## Your instructions
Copy each line below word for word and drop every image.

+++

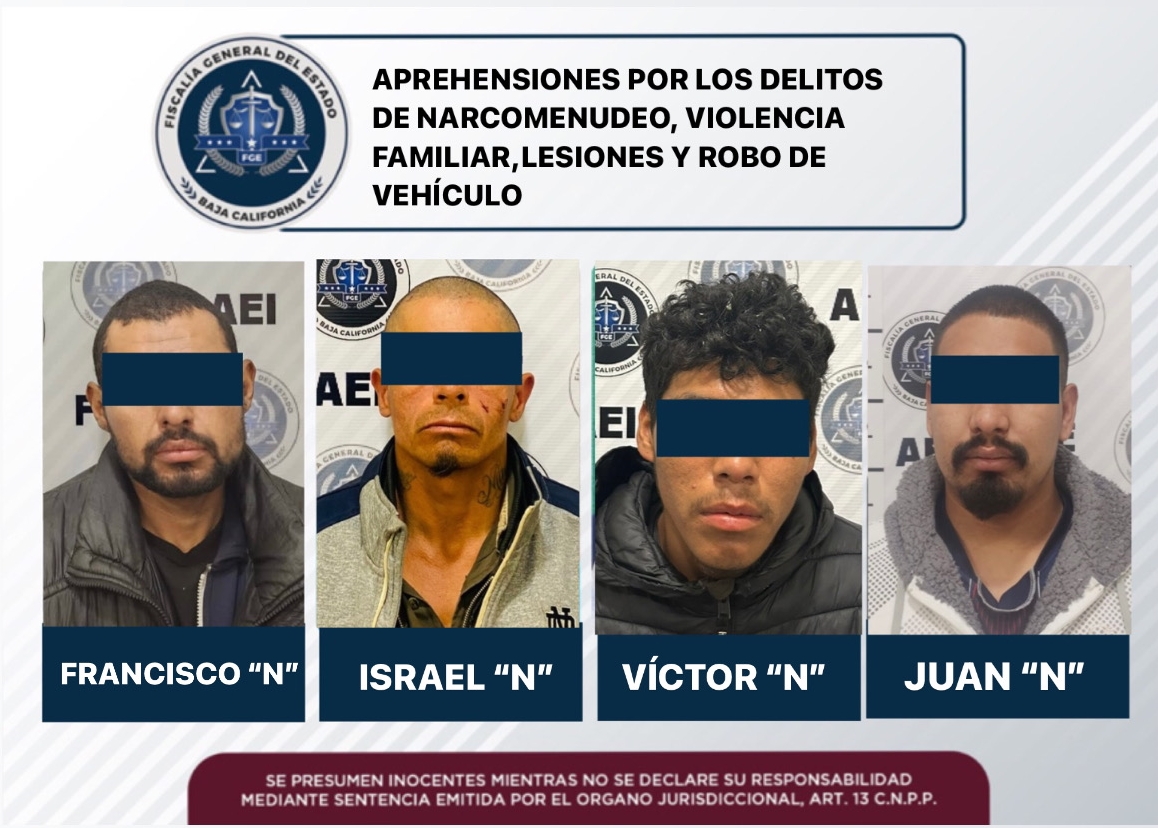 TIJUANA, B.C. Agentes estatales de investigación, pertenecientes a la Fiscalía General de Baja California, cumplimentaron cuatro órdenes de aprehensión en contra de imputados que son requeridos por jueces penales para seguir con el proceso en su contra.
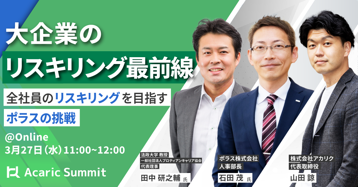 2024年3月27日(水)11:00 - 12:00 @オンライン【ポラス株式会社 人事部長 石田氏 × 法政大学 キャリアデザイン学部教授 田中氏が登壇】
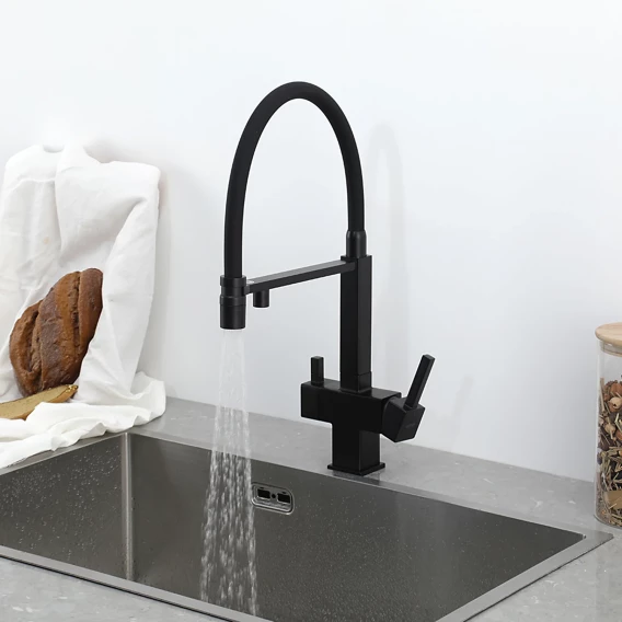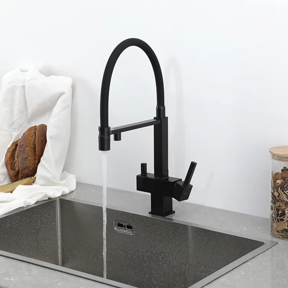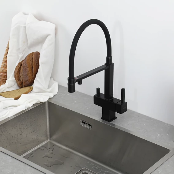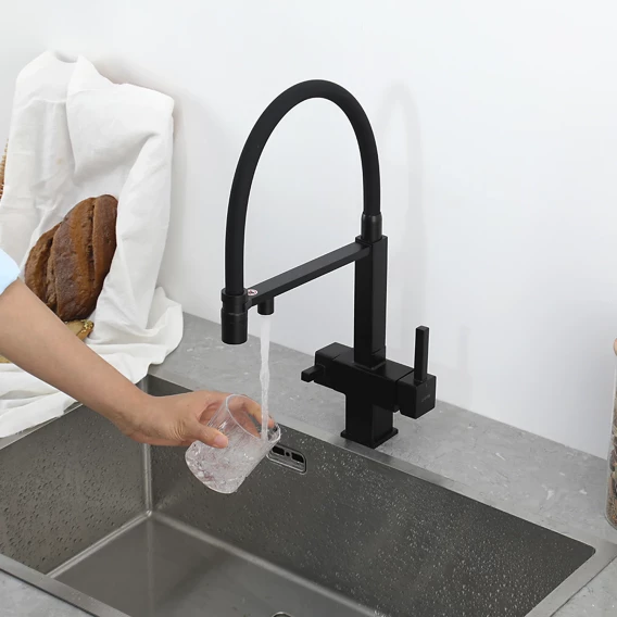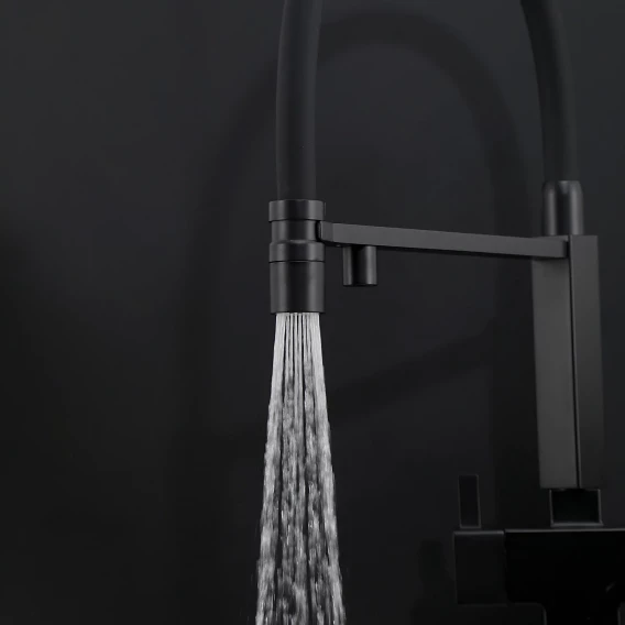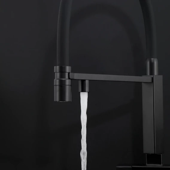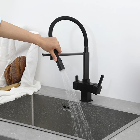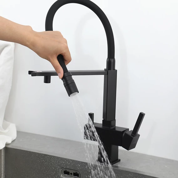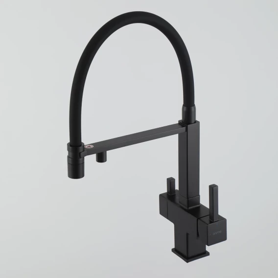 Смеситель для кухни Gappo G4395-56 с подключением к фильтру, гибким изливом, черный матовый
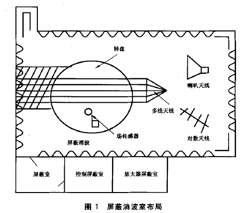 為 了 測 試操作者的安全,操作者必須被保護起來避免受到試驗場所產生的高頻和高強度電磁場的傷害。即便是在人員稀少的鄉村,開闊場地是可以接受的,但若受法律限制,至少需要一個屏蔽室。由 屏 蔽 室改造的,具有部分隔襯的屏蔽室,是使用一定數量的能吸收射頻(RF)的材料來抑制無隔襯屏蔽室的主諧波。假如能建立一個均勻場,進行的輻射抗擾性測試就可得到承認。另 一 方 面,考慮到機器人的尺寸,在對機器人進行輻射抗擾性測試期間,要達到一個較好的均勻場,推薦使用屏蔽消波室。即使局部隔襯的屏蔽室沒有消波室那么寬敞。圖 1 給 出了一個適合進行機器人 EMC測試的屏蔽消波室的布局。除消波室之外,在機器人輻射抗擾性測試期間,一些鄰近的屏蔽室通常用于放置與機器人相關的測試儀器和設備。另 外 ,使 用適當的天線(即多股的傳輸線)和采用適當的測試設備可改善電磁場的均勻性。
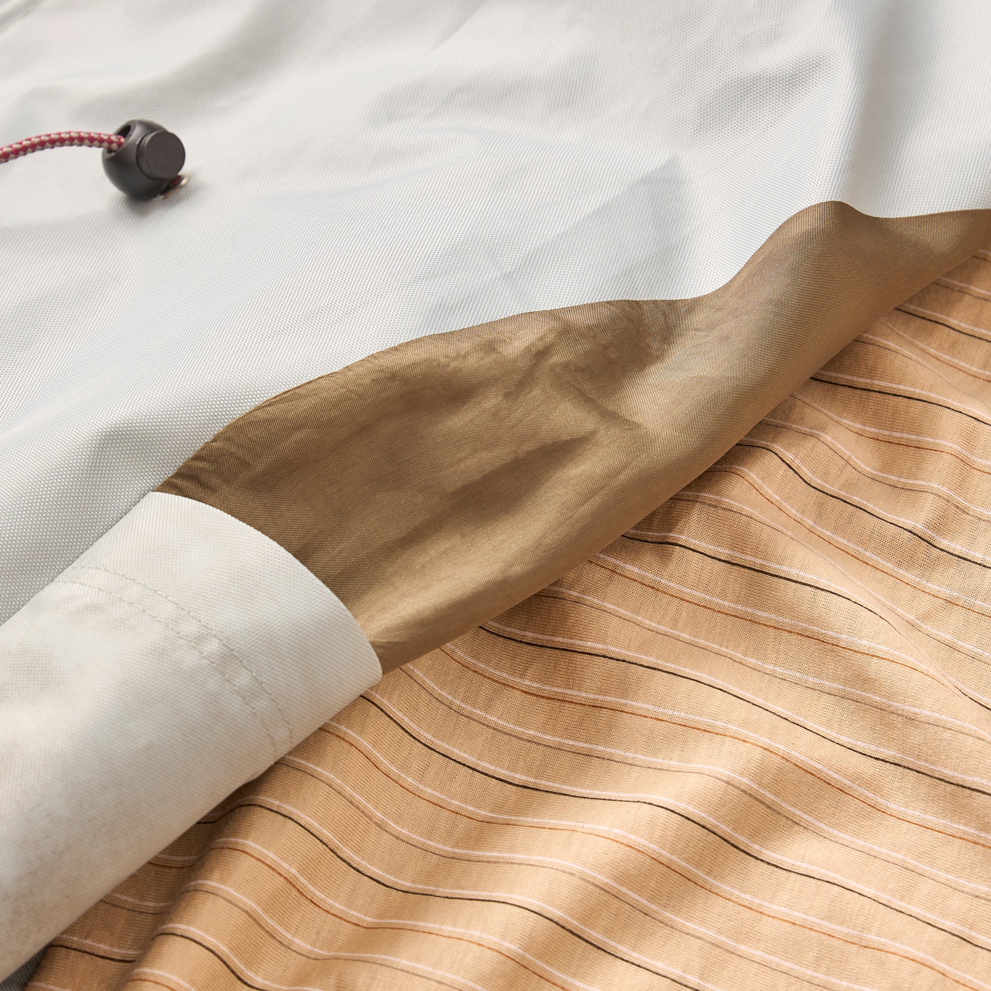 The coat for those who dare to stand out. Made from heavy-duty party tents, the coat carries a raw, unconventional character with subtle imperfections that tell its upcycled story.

+++

## Task answer
 TIJUANA, B.C. Agentes estatales de investigación, pertenecientes a la Fiscalía General de Baja California, cumplimentaron cuatro órdenes de aprehensión en contra de imputados que son requeridos por jueces penales para seguir con el proceso en su contra.
 2024年3月27日(水)11:00 - 12:00 @オンライン【ポラス株式会社 人事部長 石田氏 × 法政大学 キャリアデザイン学部教授 田中氏が登壇】
 Смеситель для кухни Gappo G4395-56 с подключением к фильтру, гибким изливом, черный матовый
 為 了 測 試操作者的安全,操作者必須被保護起來避免受到試驗場所產生的高頻和高強度電磁場的傷害。即便是在人員稀少的鄉村,開闊場地是可以接受的,但若受法律限制,至少需要一個屏蔽室。由 屏 蔽 室改造的,具有部分隔襯的屏蔽室,是使用一定數量的能吸收射頻(RF)的材料來抑制無隔襯屏蔽室的主諧波。假如能建立一個均勻場,進行的輻射抗擾性測試就可得到承認。另 一 方 面,考慮到機器人的尺寸,在對機器人進行輻射抗擾性測試期間,要達到一個較好的均勻場,推薦使用屏蔽消波室。即使局部隔襯的屏蔽室沒有消波室那么寬敞。圖 1 給 出了一個適合進行機器人 EMC測試的屏蔽消波室的布局。除消波室之外,在機器人輻射抗擾性測試期間,一些鄰近的屏蔽室通常用于放置與機器人相關的測試儀器和設備。另 外 ,使 用適當的天線(即多股的傳輸線)和采用適當的測試設備可改善電磁場的均勻性。
 The coat for those who dare to stand out. Made from heavy-duty party tents, the coat carries a raw, unconventional character with subtle imperfections that tell its upcycled story.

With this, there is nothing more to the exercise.